Continue reading “Saturday Ramblings, May 31, 2004”

When Children are Pawns in the Game of War

The kid who guards Fonseca’s tomb
Cradles a beat-up submachine gun —
At age fifteen he’s a veteran of four years of war
Proud to pay his dues
He knows who turns the screws
Baby face and old man’s eyes

Bruce Cockburn – “Nicaragua” – From the 1984 album “Stealing Fire”

Remember “Kony 2012”? This short documentary was made with the intent of trying to marshal the world’s resources to bring Joseph Kony to justice by 2012. To refresh your memory, Joseph Kony was the leader of the Lord’s Resistance Army (LRA). Over the past twenty years the Lord’s Resistance Army (what an obscene name) has abducted 66,000 children to be used as either soldiers or sex slaves in the Congo, Southern Sudan, and Uganda. Kony is still at large.

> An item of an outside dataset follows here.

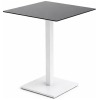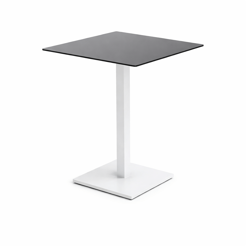 El pie de mesa está fabricado en hierro pintado blanco con base a cuadrada y tubo cuadrado.
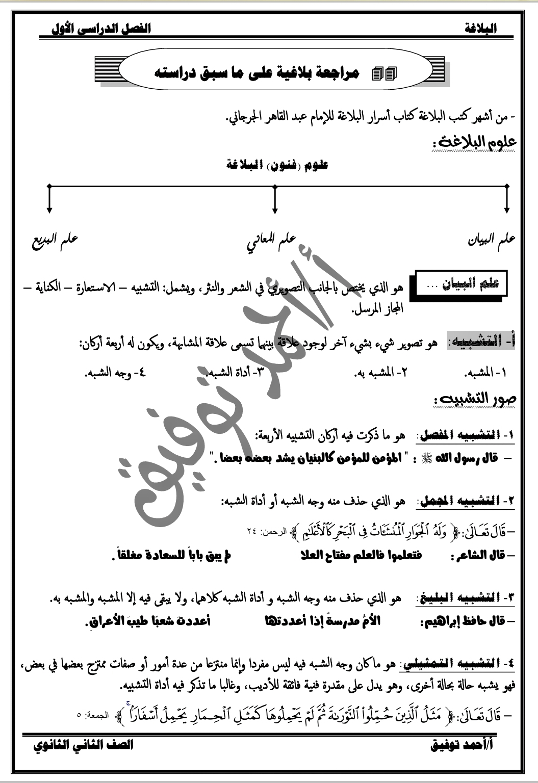 أقوي مراجعة نهائية في اللغة العربية الصف الثاني الثانوي 2018

The kidnapping of nearly 300 girls in Nigeria in April seems to have finally regained the attention of the world when it comes to the plight of children in war torn areas. At the moment of writing, the girls had been found, but not rescued, as it was feared that the rescue would lead to their deaths. Regardless of what happens to these girls, my concern is that once this story reaches its conclusion, their story will soon be forgotten, as the world moves along to the next big headline.

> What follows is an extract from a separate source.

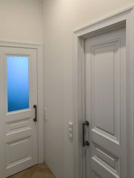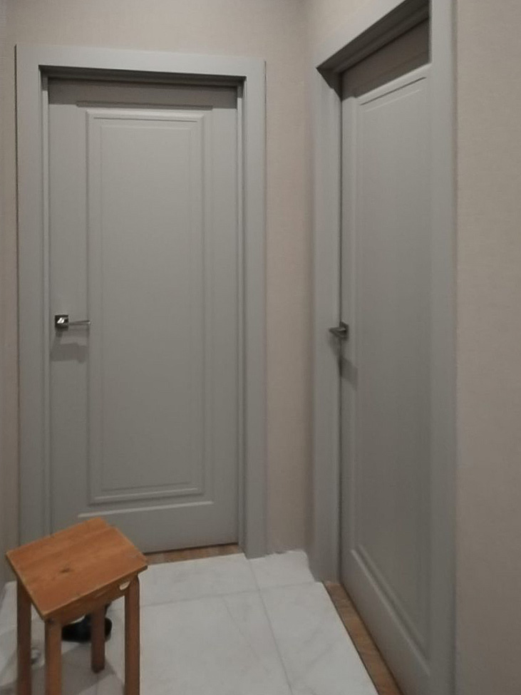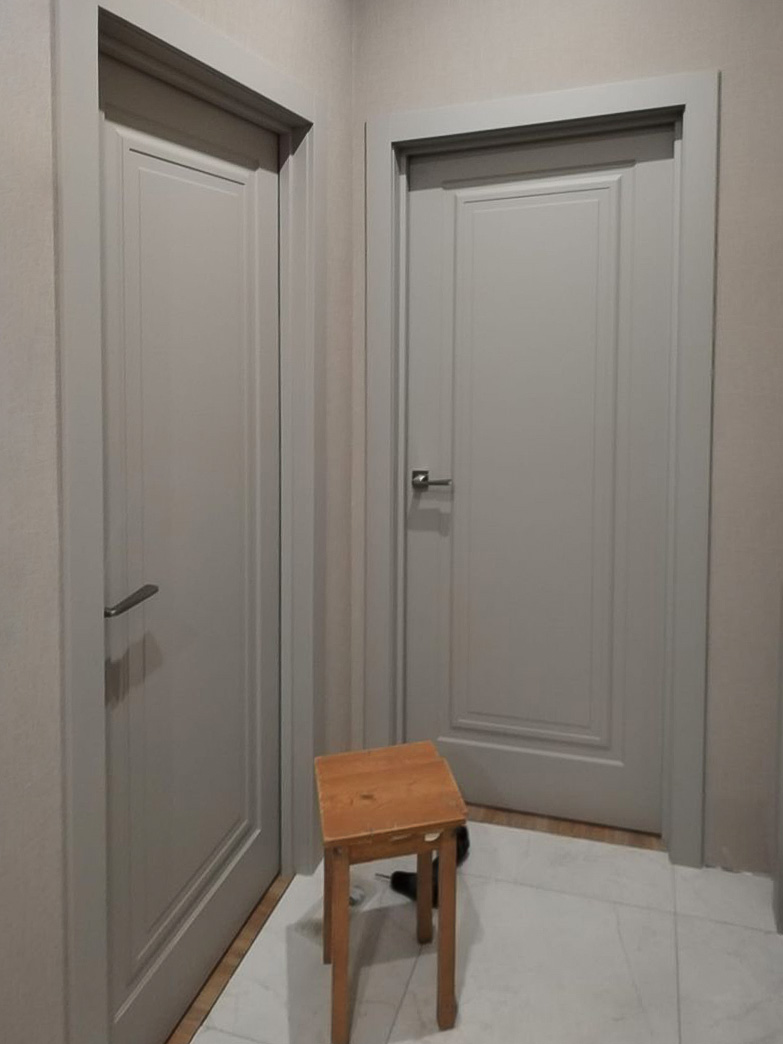 На замере мы учтём особенности ремонта, чтобы правильно подобрать двери и заранее учесть это при монтаже. Например, сделать побольше добор или сместить дверь в случае неровных стен

What I wanted to stress today is that this story is not ending: There are hundreds of thousands of children in similar situations.

Our connection with the story began in 1977. My mother was on a commercial flight from Botswana to Zambia, intending to visit her parents for one last time before we returned to Canada. After she was seated, 30 frightened children were herded onto the plane at gunpoint. They were being taken up to Zambia to train as child soldiers to be used in the civil war in Rhodesia. We were told that it was a scenario that was being played out over and over again.

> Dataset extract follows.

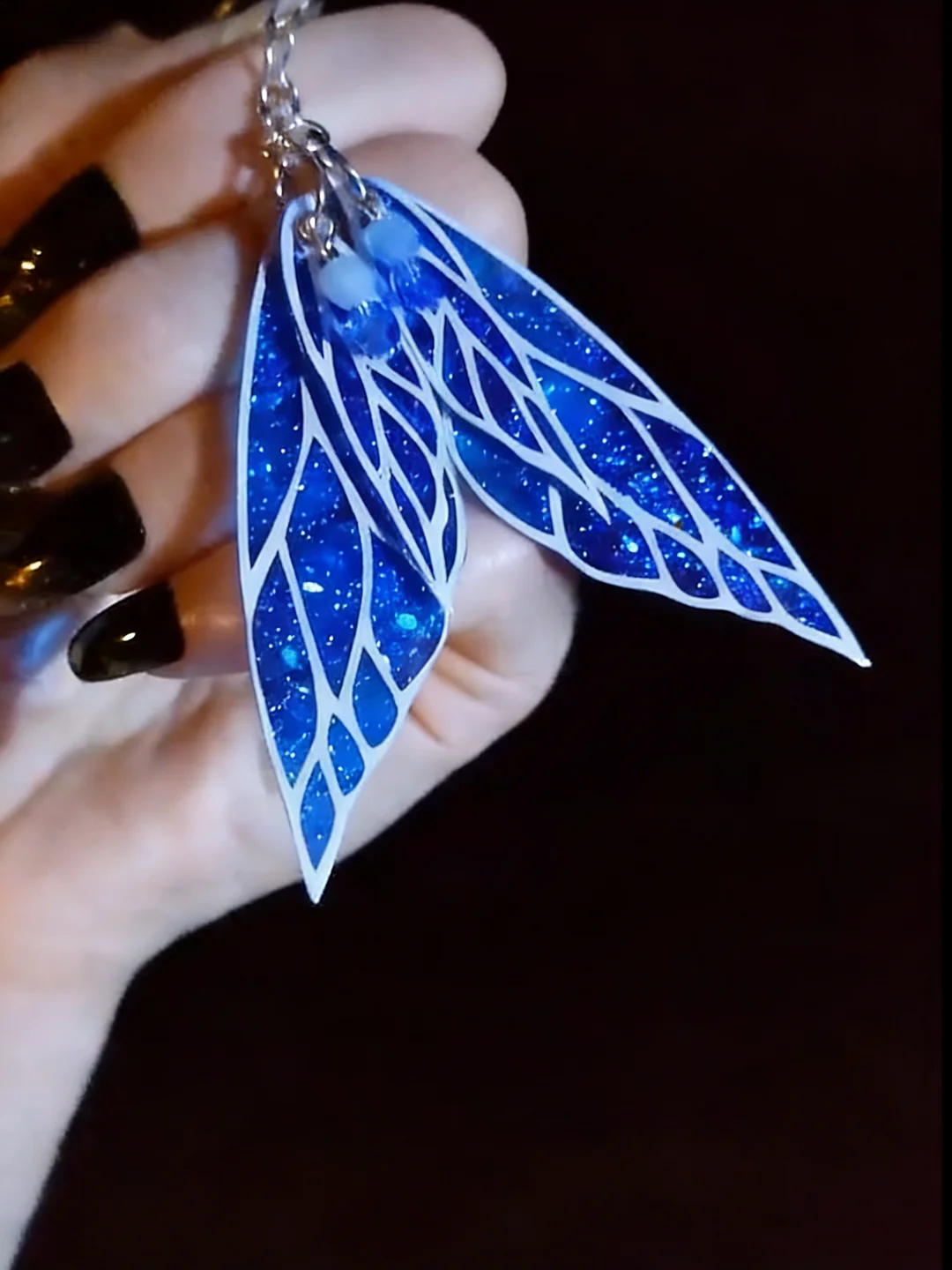 Glass-like translucent wings in a deep ocean blue with fine, star-like shimmer ✨

What effect does war have on children? In 1989 a random survey was done of 504 children in Mozambique who were between the ages of 6 and 15.

. 77% had witnessed murder, often in large numbers,
. 88% had witnessed physical abuse or torture,
. 51% had been physically abused or tortured,
. 63% had witnessed rape or sexual abuse,
. 64% had been abducted from their families,
. 75% of the abducted children were forced to serve as porters or human cargo
carriers,
. 28% of the abducted children (all boys) were trained for combat.

Mozambique child soldier life outcome study: Lessons learned in rehabilitation and reintegration efforts
N. BOOTHBY, J. CRAWFORD, & J. HALPERIN
Mailman School of Public Health, Columbia University, USA

According to Human Rights Watch (a report from 2007):

In over twenty countries around the world, children are direct participants in war. Denied a childhood and often subjected to horrific violence, an estimated 200,000 to 300,000 children are serving as soldiers for both rebel groups and government forces in current armed conflicts.

The following amendment was made to the Geneva convention in 1977.

The Parties to the conflict shall take all feasible measures in order that children who have not attained the age of fifteen years do not take a direct part in hostilities and, in particular, they shall refrain from recruiting them into their armed forces. In recruiting among those persons who have attained the age of fifteen years but who have not attained the age of eighteen years, the Parties to the conflict shall endeavour to give priority to those who are oldest.

In spite of this, the situation has not improved.

Three hundred girls being abducted is horribly tragic, and this story is only the tip of the proverbial iceberg.

This is a story that we can’t let fade from our consciousness like it did between 2012 and 2014. We can’t just move on to the next headline. There are too many children out there who should not be in the situation that they are in right now. I don’t have any quick or easy suggestions about how we keep this story at the forefront of people’s minds, but I do welcome any thoughts or suggestions that you might have to offer.